Friday, April 15, 2011

How many girls?

ASE has time to look at the national papers this week, not because he has nothing to do (far from it) but because his current project involves deciphering a lot of trade statistics. (When I become an angry Retired sub-editor, I'll have much more time and a far more appropriate abbreviation.)

After a couple of hours tracing Russia's major trading partners for sawn lumber and drawing the relevant graph, having done Canada this morning and Germany over lunch, even a trans-gendered woman moaning in The Guardian about being excluded from a wiccan fertility ceremony seems interesting. It does smack of an almost obsessive need to marginalise oneself, although one reader's comment summed it up nicely: "Having a silly hobby does not make you a minority."

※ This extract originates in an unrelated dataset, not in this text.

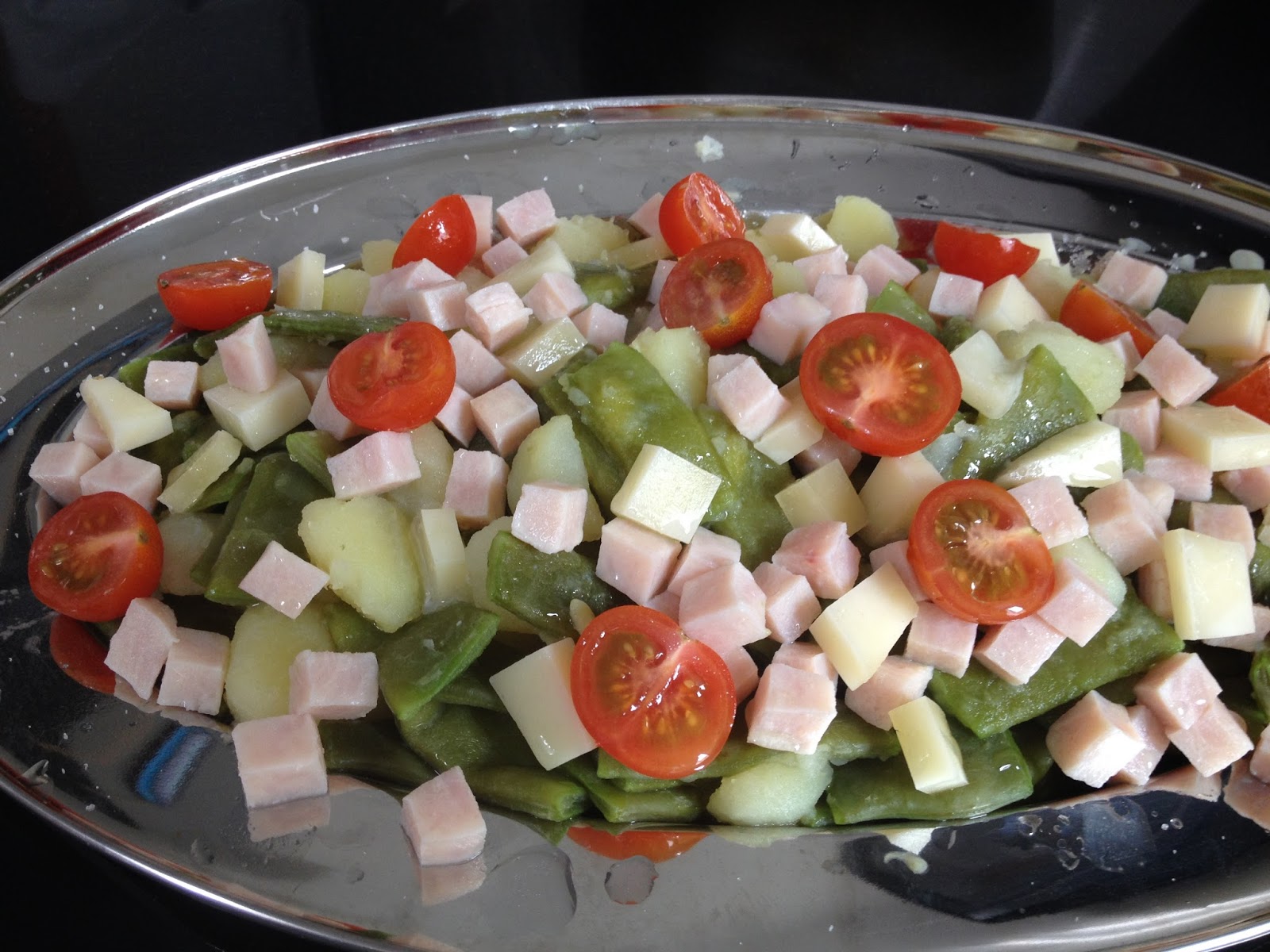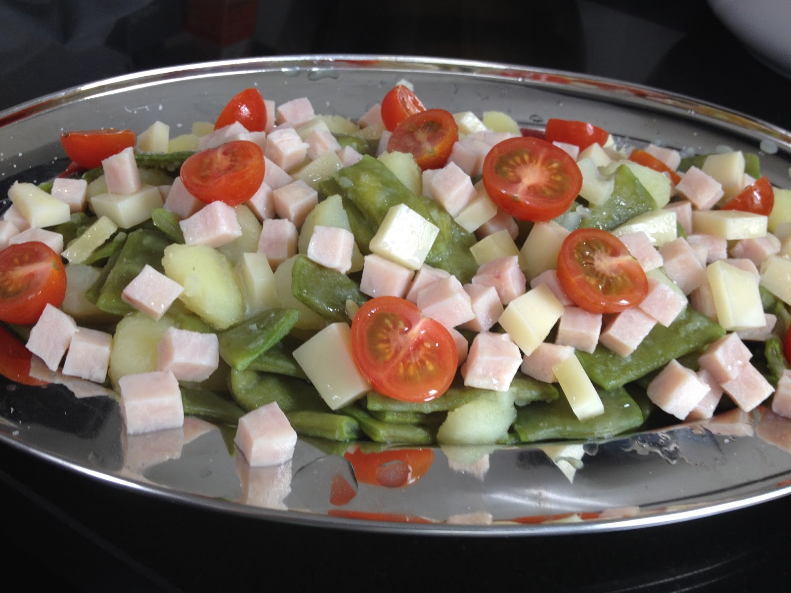 Cortamos las puntas de las judías y las cortamos en 3 trozos, las lavamos.
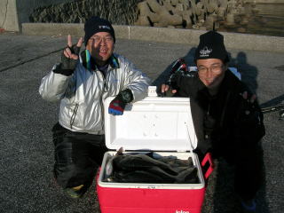 鈴木さんは、台船の間でアタリがあるらしく粘っていたが、なかなかGetでき

But I'm not here to have a go at The Guardian (or at Ls, Gs, Bs or Ts), except to warn it about linking to pages that contain headline news. We'll never know exactly why Roz Kaveney linked to All Headline News to make a point about murdered minorities, because by the time I clicked on the link all the stories had changed. But one story caught my eye: Girl's Clothing Recalled by My Michelle Due to Risk of Lead Exposure | AHN. Poor girl, I thought. On reading the story, it turns out more than one girl was involved. Many people would have guessed that straight away, but on first read a sub-editor tends to understand what is actually written, rather than what would have been written if the writer had thought about what he was writing. Since the whole story was an unashamedly unedited press release, I immediately wrote off AHN as a cheap, low-grade news aggregator. It doesn't even have an 'About Us' page, so I had to use that source of last resort, Wikipedia, to find out about it. Apparently AHN is "a major worldwide online news wire service, providing news and other content, to websites, digital signage, and other publishers who pay a fee for the service."

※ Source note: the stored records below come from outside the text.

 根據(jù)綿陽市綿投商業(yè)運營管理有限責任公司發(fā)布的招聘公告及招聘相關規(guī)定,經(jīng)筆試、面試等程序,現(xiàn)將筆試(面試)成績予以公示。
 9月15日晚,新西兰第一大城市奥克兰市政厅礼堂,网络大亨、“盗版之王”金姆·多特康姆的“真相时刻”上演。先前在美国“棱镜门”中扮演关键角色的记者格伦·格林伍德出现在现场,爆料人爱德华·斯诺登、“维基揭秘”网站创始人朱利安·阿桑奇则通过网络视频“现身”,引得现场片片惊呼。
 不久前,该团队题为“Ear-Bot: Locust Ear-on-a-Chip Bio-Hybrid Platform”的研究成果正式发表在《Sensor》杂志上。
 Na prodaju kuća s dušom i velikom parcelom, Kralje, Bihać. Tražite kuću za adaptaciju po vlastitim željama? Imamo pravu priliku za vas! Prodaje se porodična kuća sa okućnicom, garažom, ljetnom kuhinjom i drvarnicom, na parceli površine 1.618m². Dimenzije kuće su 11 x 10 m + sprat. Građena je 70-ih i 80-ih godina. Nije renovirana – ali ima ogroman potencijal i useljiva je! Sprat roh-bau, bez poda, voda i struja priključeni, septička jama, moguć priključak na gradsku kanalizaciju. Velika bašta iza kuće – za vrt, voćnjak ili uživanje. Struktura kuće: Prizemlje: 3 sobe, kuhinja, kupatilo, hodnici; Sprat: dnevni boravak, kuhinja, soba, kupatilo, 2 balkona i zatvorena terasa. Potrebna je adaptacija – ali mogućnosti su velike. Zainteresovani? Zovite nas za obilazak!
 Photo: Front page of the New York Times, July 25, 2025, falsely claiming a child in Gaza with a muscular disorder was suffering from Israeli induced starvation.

More briefly, I expect a degree of ignorance from the Daily Mail, but it should know the difference between "sunk" and "sank". . I can't wait for its next polemic about falling literacy standards.

I know I said I wasn't going to have a go at the The Grauniad, but that was paragraphs ago. It was once a temple to typographical errors (hence the nickname), but now inconsistency of style seems to have become a style point in itself. Still, you've got to sympathise with the subs in Thursday's story on electoral reform (Alternative Vote, http://gu.com/p/2zejx/tw), where the inconsistency comes in the form of quotations. They have admirably stuck to the "companies are singular and impersonal" rule through some difficult paragraphs about the Electoral Reform Society and ERS Ltd:
The no campaign says the ERS has given £1.1m to the pro-AV campaign and claimed that the society and its subsidiaries had received more than £15m in contracts from the public purse over the past three years. The no campaign also charges that the ERSL would provide new telling machines for processing AV ballots if there is a switch to the new system.
You could almost love them for this. They even know the difference between 'last' and 'past'. If only they knew their subjunctive from their indicative ("if there were a switch) and could stick to the same tense throughout the sentence ("The no campaign says … and claimed…"), I might even offer a patronising 'well done'.

However, the subs' good work is undone by something beyond their control: a quotation from a written, leaked source:
ERSL fear that negative publicity might affect union clients
…followed by ERSL's grammatically mangled comment about that leak:
ERSL is an independent company and have made perfectly clear they won't make a penny…
With spoken quotes, especially in one-on-one interviews, you can tidy things up a bit. Hardly anyone speaks in perfect sentences and quoting someone absolutely verbatim usually makes them look like an inarticulate fool, even if what they said was perfectly understandable at the time. But with written statements, you're stuck. 

At this point I imagine the subs gave up – time is very limited on a daily paper with a prominent website – or why else would they leave the awkward phrase "The lawyers Lewis Silkin"? Of course, Lewis Silkin is a law firm and should be singular, so why not just call it that: a law firm? Problem solved.

None of this mud-slinging persuades me to vote either way on AV, but the fact that ERSL can't write a complete sentence without losing track of whether it itself is singular or plural entity suggests that it shouldn't be trusted with a voting system that requires voters to count higher than one.